Print version ISSN 0034-7426

Rev.colomb.mat. vol.54 no.2 Bogotá July/Dec. 2020  Epub Mar 05, 2021

https://doi.org/10.15446/recolma.v54n2.93845 

Artículos originales

A Glivenko-Cantelli Bootstrap Theorem for the Foster-Greer-Thorbecke Poverty Index

Un Teorema Glivenko-Cantelli Bootstrap para la Medida de Pobreza de Foster-Greer-Thorbecke

Pedro A. Harmath1  * 

Josefa Ramoni-Perazzi2 

Abelardo Monsalve-Cobis3 

1 Universidad Austral, Rosario, Argentina

2 Universidad Industrial de Santander, Bucaramanga, Colombia

3 Basque Center for Applied Mathematics, Bilbao, España


Abstract:

We assume the Foster-Greer-Thorbecke (FGT) poverty index as an empirical process indexed by a particular Glivenko-Cantelli class or collection of functions and define this poverty index as a functional empirical process of the bootstrap type, to show that the outer almost sure convergence of the FGT empirical process is a necessary and sufficient condition for the outer almost sure convergence of the FGT bootstrap empirical process; that is: both processes are asymptotically equivalent respect to this type of convergence.
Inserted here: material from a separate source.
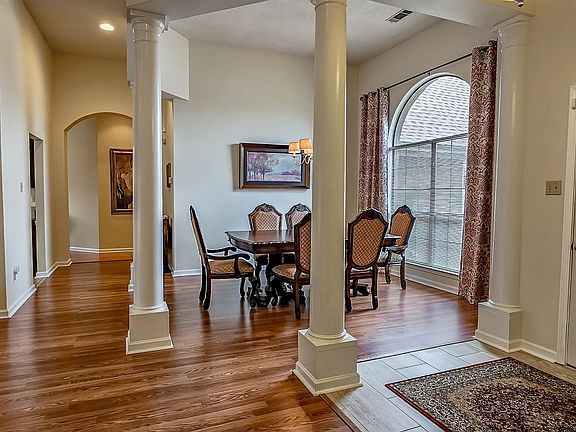 This stunning home is situated in the Stonetrace subdivision of Bartlett, offering convenient access to nearby amenities. This charming single-story home has 3 bedrooms, 2 bathrooms, and a split floor plan that highlights spacious living areas and thoughtful design elements throughout. As you enter, you are greeted by an elegant foyer that flows into the expansive dining and living rooms, featuring high ceilings, archways, and decorative columns. The roomy kitchen seamlessly connects to a cozy hearth room with a fireplace, perfect for entertaining family & friends. The generous primary suite includes a luxurious spa-like bathroom and a bedroom with soaring ceilings, providing ample space for relaxation. Completing this remarkable home are two additional bedrooms and a bathroom. Recent updates include carpeting in the bedrooms and engineered wood flooring. You will appreciate the calming neutral paint colors and lighting that enhance the home's atmosphere.This home is truly a must-see.

Keywords: Foster-Greer-Thorbecke poverty index; convergence of empirical processes; Glivenko-Cantelli classes; bootstrap empirical processes

Resumen:

Asumimos el indicador de pobreza de Foster-Greer-Thorbecke (FGT) como un proceso empírico indexado por una particular clase o colección de funciones Glivenko-Cantelli y definimos este indicador de pobreza como un proceso empírico funcional del tipo bootstrap, para probar que la convergencia casi segura exterior del proceso empírico FGT es una condición necesaria y suficiente para la convergencia casi segura exterior del proceso empírico bootstrap FGT; esto es: ambos procesos son asintóticamente equivalentes respecto de este tipo de convergencia.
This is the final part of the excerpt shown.